Kata Containers — Kubernetes, Firecracker VMM with Kata

Kata Containers on Kubernetes and Kata Firecracker VMM support

Gokul Chandra
7 min readApr 16, 2019

--

Enjoy the speed of containers while still keeping the security of virtual machines?? what does this mean and how different is this approach when compared with existing container architecture?? Traditional containers use Linux control groups, cgroups, for managing and allocating resources and namespaces to provide container isolation. Shared kernel between the host operating system and the guest containers, leaving the other container workloads in a cluster vulnerable if one container is comprised. This issue is one of the big drivers behind Kata Containers originated form Intel’s Clear Containers project started in 2015.

In Kata, each container has its own lightweight virtual machine and mini-kernel, providing container isolation via hardware virtualization facilitated by Kata’s six components: Agent, Runtime, Proxy, Shim, Kernel and packaging of QEMU. It is designed to be architecture agnostic, run on multiple hypervisors and be compatible with the OCI specification for Docker containers and CRI for Kubernetes.

The recent addition of CRI (Container Runtime Interface) to Kubernetes means Kata Containers can be controlled by any OCI (Open Container Initiative) compatible CRI implementation, CRI-O (lightweight alternative to using Docker as the runtime for kubernetes) being the main one. Clear Containers can now receive container annotations to let it know when and how to run pod VMs or container workloads within those pods. In Kubernetes clusters with CRI-O and cc-runtime as the default container runtime, the launch of a pod results in the creation of a VM. Then, when a container is added to that pod, it is launched as a container inside the pod’s VM.

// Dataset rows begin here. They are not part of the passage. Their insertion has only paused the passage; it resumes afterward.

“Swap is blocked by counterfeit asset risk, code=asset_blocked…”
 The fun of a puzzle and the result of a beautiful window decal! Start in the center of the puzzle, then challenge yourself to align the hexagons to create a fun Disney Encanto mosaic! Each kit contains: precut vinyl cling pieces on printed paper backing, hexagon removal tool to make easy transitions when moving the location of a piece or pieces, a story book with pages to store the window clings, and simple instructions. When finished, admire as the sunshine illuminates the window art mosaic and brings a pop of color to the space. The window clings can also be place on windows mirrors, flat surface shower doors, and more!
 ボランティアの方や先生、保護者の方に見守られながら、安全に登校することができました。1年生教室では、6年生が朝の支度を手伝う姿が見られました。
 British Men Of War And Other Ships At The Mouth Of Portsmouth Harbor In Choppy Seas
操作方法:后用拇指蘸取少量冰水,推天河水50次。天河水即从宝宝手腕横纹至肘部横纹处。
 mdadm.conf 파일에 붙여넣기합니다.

Pod-VM’s Architecture — CRI-O

Kata Containers on Kubernetes

The key difference between the Kata approach and other container engines is that Kata uses hardware-backed isolation as the boundary for each container or collection of containers in a Kubernetes container pod. As of today Kata can be installed with CRI-O or Containerd and cannot be leveraged with dockershim. As the architecture uses QEMU (hardware virtualization), Kata will only work if nested-virtualization support is available on the virtual machines.

kata-runtime: The Open Containers Initiative (OCI) compliant runtime which is called by an upper level orchestrator (such as Docker or a Kubernetes CRI-shim). With Kata installed we can start pods which will make use of Kata Containers.

Kata-Runtime Installation

CRI-O: CRI-O is an implementation of the Kubernetes CRI (Container Runtime Interface) to enable using OCI (Open Container Initiative) compatible runtimes. It is a lightweight alternative to using Docker as the runtime for Kubernetes.

CRI-O

As seen above docker is replaced with CRI-O and all the client operations can be done using “CRICTL”.

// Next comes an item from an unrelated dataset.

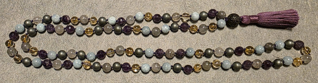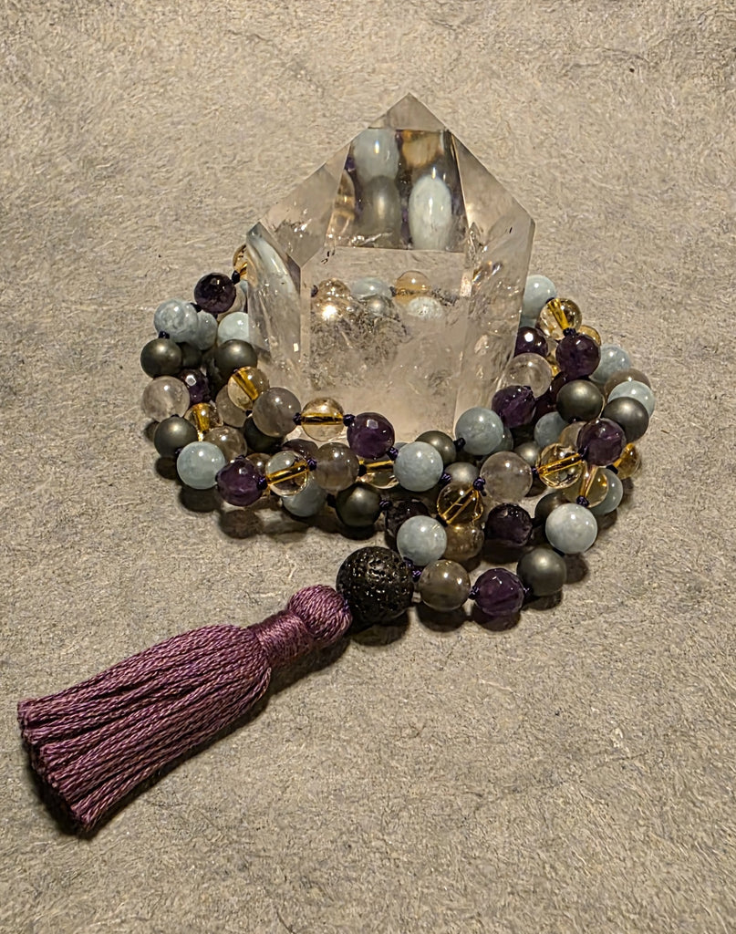 This mala is made up of one stone from each of the five elements assisting in the universal connection with all that exists.
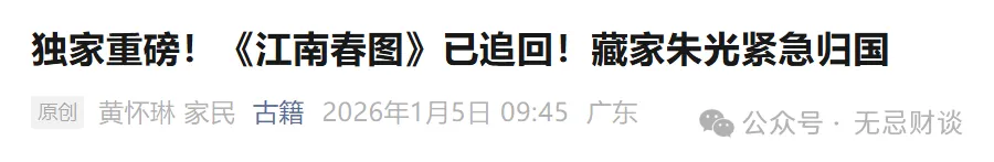 2026年新年伊始,《江南春》被追回并进入南京博物院库房,相关权属、法律、学术等问题有望在规范、公开的框架下推进处理。

kata-proxy and kata-shim: proxy binary runs on the host to help conversion of multiplex messages into demultiplex messages and executed per pod. shim binary runs on the host to handle stdio and signaling for container processes.

Kata-Proxy and Kata-Shim

Along with the above binaries, artifacts associated with the VM itself like : containers.img and vmlinuz are included.

Enabling Kubelet to use CRI-O as runtime:

Extra arguments can be provided to Kubelet configration to use CRI-O as a CRI replacing conventional Docker runtime.

CRIO Configuration

Initializing Kubernetes with CRI-O:

CRI-O as CRI

Kubeadm with the above configuration can be used to bootstrap a Kubernetes cluster with CRI-O. Crictl replaces docker cli.

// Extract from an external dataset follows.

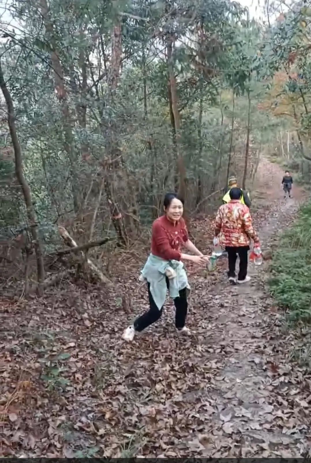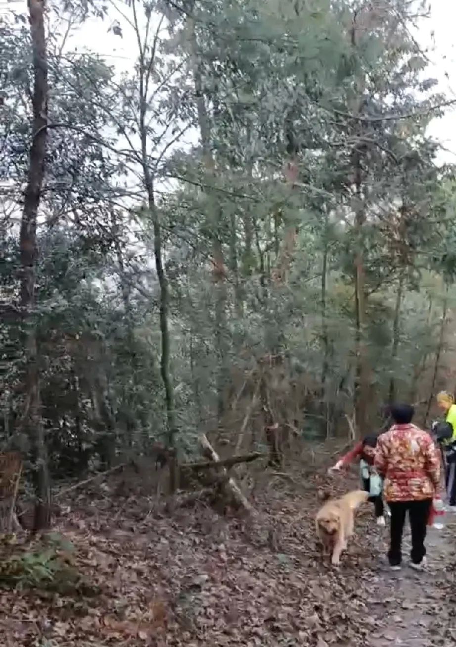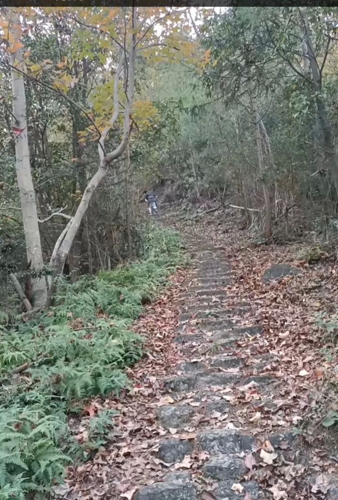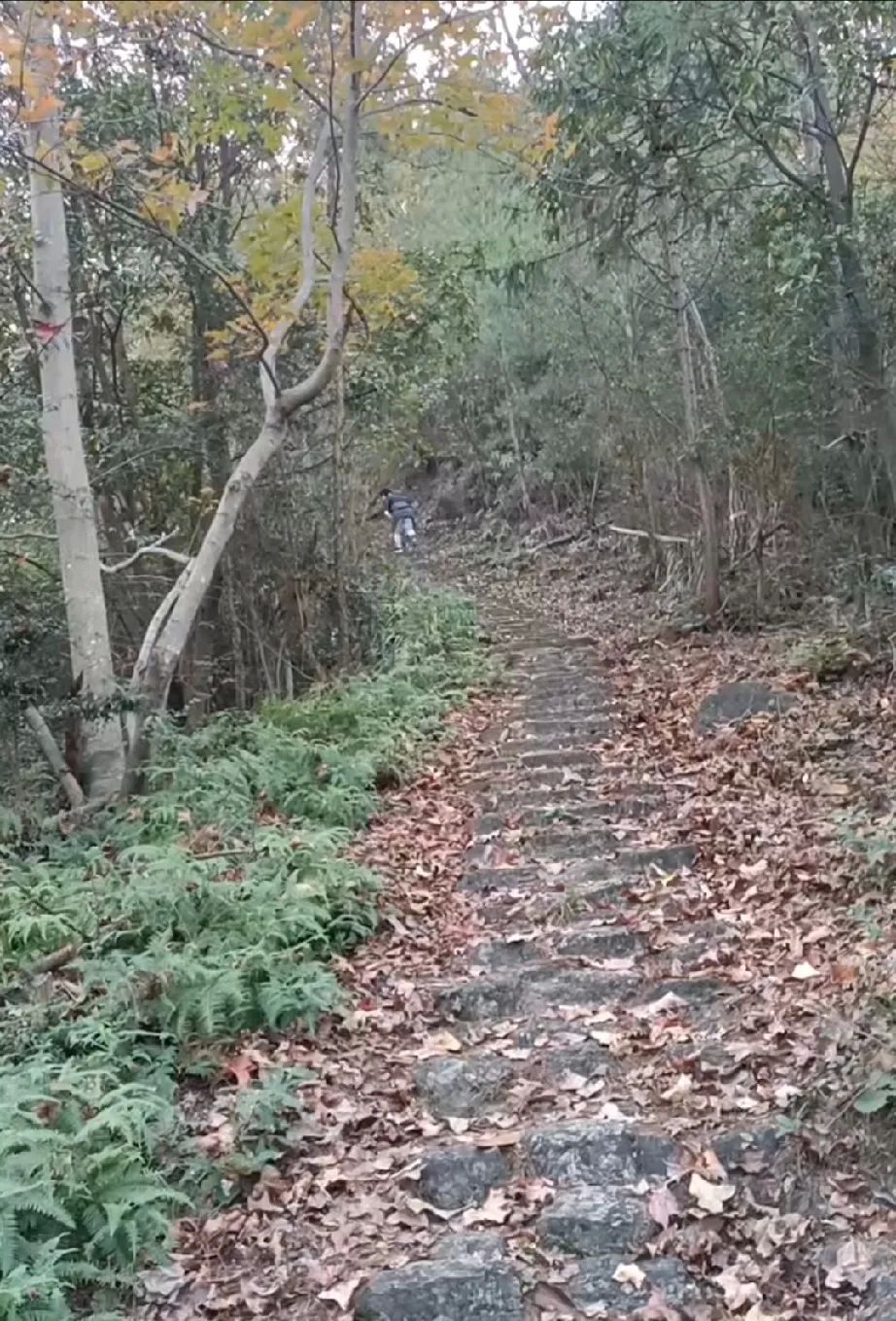 在这初冬季节,气温尚有17、8度,加上天气晴朗,山里空气清新,负氧离子极高,山上的枫叶正红,飘洒满地,甚是好看,是户外登山徒步的最佳时节。我们一行5人,带上她的金毛犬——旺财一起去登里西岩。沿着弯弯曲曲的石头铺成的山道,拾级而上。微风吹过,泛着淡淡清香,虽时值隆冬,然两旁树木依然郁郁葱葱,一派生机勃勃,

Using Crictl in place of Docker-CLI
Using Crictl in place of Docker-CLI

CNI can be installed the same way users do with Kubeadm and docker.

Kubernetes Cluster

Running Kata Containers as Kubernetes Pods:

The CRI-O project supports the ability to provide a secondary runtime to handle untrusted workloads using Kubernetes annotations. In CRI-O this is called the untrusted-runtime. This means, in an environment with workloads of various levels of trust, CRI-O allows your Kubernetes cluster to be composed of a mix of runc and cc-runtime based pods. Note, if this `untrusted runtime` is not provided in the CRI-O configuration, then all workloads will make use of the trusted runtime, which defaults to runc.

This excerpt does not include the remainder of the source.